When great teams go bad

July, 11, 2012
7/11/12
5:12
PM ET
Saw a note the other day about teams that won 100 games and fell under .500 the following season. This, of course, was in regards to the Phillies, who won 102 games in 2011 but are sitting at 37-50 at the All-Star break.

Since 1970, 43 teams have won 100 games, including the 2011 Phillies. Here are three that had losing records the following season.

1993-94 San Francisco Giants
1993: 103-59
1994: 55-60

What happened: Well, 1993 was kind of a stone-cold fluke, the only winning season the Giants had from 1991 to 1996. They fell off in 1994 despite having Barry Bonds OPS over 1.000 and Matt Williams chase Roger Maris' home run record until the strike hit. A key loss was Will Clark, who departed as a free agent, replaced by the light-hitting Todd Benzinger at first base (that was a generous way to put it). Second baseman Robby Thompson, who hit .312 in 1993, got injured, and Royce Clayton and Willie McGee didn't play as well. The Giants dropped from second in the league in runs to 10th. The pitching decline wasn't as severe but predictable, since Bill Swift and John Burkett were the only two starters to make more than 20 starts in 1993. Swift missed time in 1994 and guys like Salomon Torres and Bryan Hickerson were ineffective.

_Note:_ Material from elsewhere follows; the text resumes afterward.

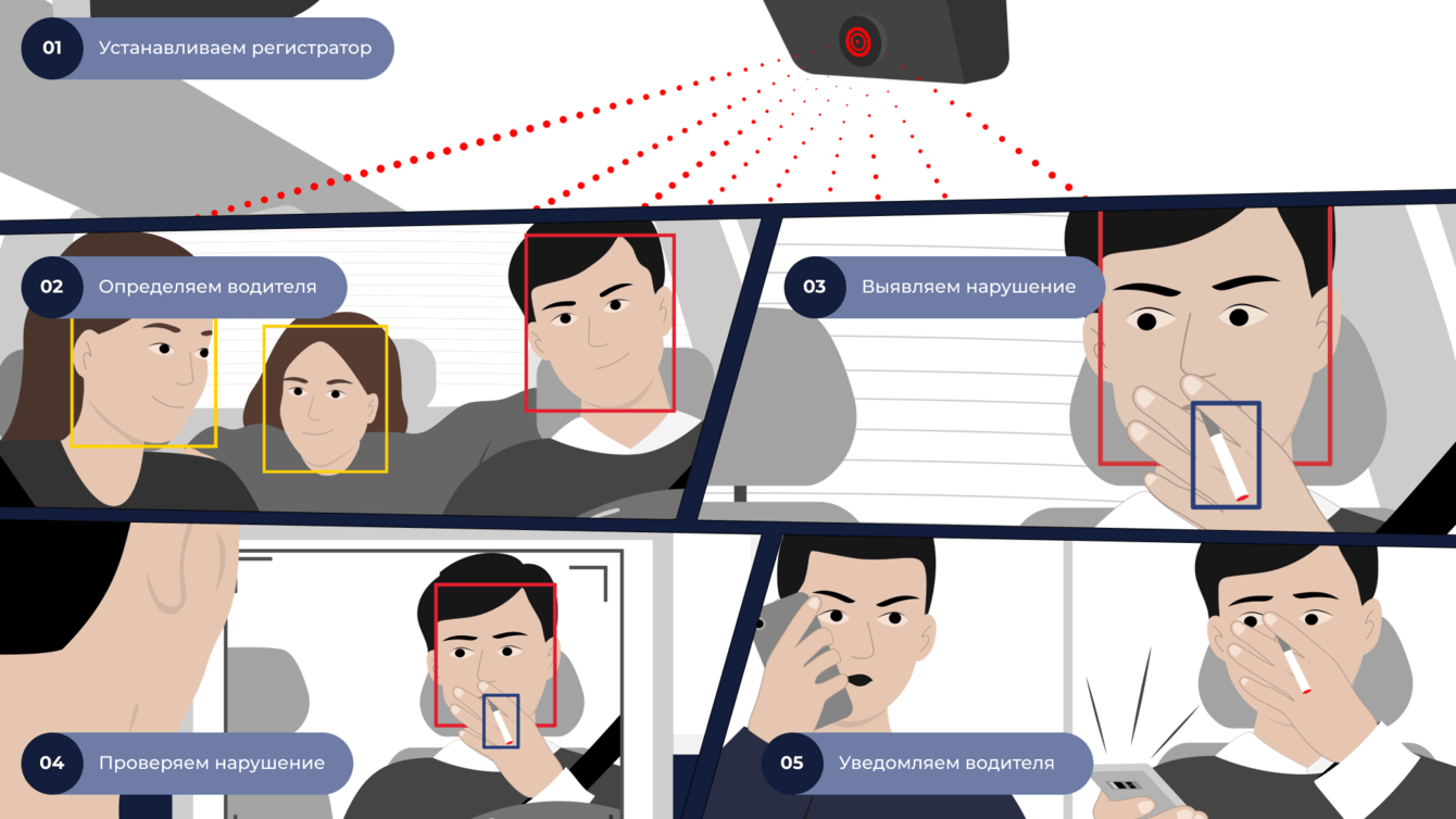 С помощью компьютерного зрения (не требует никаких дополнительных датчиков, кроме камеры) детектируется курение в салоне.

1985-1986 St. Louis Cardinals
1985: 101-61
1986: 79-82

What happened: Some said it was hangover from losing the final two games of the '85 World Series. In reality, the offense fall apart. Willie McGee, the '85 NL MVP, fell from .353 and an .887 OPS to .256 and a .676 OPS. Cleanup hitter Jack Clark played in just 65 games. Vince Coleman stole 101 bases, which is pretty amazing since he was hardly on base (.301 OBP). Tommie Herr declined from a .795 OPS and 110 RBIs to .673 and 61. You get the picture. Even though 21-game winner Joaquin Andujar was traded following his World Series meltdown and John Tudor was unable to repeat his magical 1985 (21 wins, 1.93 ERA), the pitching staff allowed just 39 more runs. The offense rebounded in 1987 and the Cardinals returned to the World Series.

1970-71 Cincinnati Reds
1970: 102-60
1971: 79-83

What happened: This one is interesting. The Reds allowed 100 fewer runs and still lost 23 more games. After scoring 775 runs in 1970, the Big Red Machine fell to 586 in 1971. There was a league-wide OPS drop of 38 points that season, but that's still a lot of missing offense. Johnny Bench had been the NL MVP in 1970 when he hit 45 home runs and drove in 148 runs, but his OPS fell 210 points. Tony Perez's OPS fell from .990 to .764. Center fielder Bobby Tolan had a career year in 1970 but ruptured his Achilles tendon playing basketball in the offseason and missed the entire season. Rookie George Foster was unable to replace him with a .292 OBP, although he paid dividends a few years later. Second-year shortstop Dave Concepcion hit just .205. Anyway, in 1972 the Reds acquired Joe Morgan, Bench rebounded with another MVP season, Tolan returned and the Reds won 95 games and reached the World Series.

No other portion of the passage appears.